How to complete this task
Exactly the lines below, starting with the one containing "2024年12月30日,都昌" and going on through the one containing "Фотографиями с отдыха", must be reproduced, both ends included, and no pictures with them.

Dataset
□ □ □ □

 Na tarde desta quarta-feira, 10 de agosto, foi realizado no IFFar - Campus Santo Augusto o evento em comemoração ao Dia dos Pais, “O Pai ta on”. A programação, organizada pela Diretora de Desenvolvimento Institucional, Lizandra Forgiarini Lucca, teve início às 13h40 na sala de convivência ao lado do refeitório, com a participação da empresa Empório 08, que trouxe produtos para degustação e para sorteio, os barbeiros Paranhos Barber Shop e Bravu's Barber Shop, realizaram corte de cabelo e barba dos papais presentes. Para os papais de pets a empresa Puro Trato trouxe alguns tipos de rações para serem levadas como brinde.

□ □ □ □

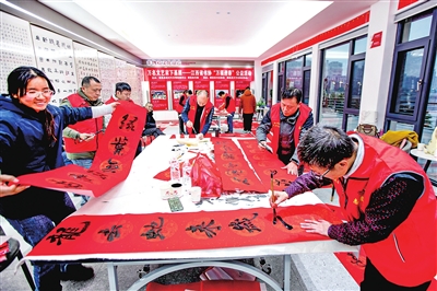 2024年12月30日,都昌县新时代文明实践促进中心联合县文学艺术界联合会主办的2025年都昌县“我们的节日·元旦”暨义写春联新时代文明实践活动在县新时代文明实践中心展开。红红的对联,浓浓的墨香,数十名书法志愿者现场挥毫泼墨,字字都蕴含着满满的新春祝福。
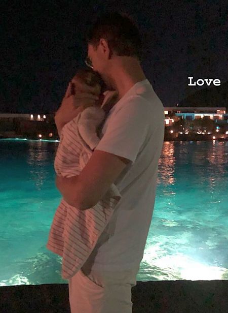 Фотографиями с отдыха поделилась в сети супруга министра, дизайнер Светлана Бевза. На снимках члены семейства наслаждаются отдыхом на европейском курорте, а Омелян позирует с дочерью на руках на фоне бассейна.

□ □ □ □

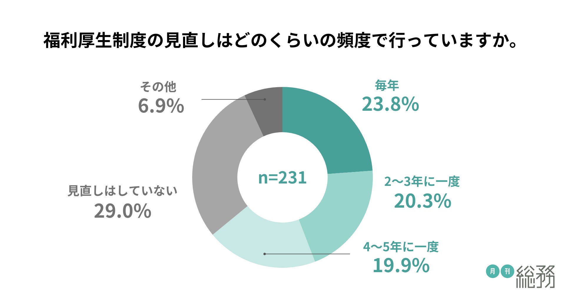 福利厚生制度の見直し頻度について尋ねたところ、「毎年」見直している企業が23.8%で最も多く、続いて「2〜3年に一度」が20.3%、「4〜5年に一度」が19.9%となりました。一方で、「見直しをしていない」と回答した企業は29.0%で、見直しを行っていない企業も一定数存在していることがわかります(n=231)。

□ □ □ □

Answer below
 2024年12月30日,都昌县新时代文明实践促进中心联合县文学艺术界联合会主办的2025年都昌县“我们的节日·元旦”暨义写春联新时代文明实践活动在县新时代文明实践中心展开。红红的对联,浓浓的墨香,数十名书法志愿者现场挥毫泼墨,字字都蕴含着满满的新春祝福。
 Фотографиями с отдыха поделилась в сети супруга министра, дизайнер Светлана Бевза. На снимках члены семейства наслаждаются отдыхом на европейском курорте, а Омелян позирует с дочерью на руках на фоне бассейна.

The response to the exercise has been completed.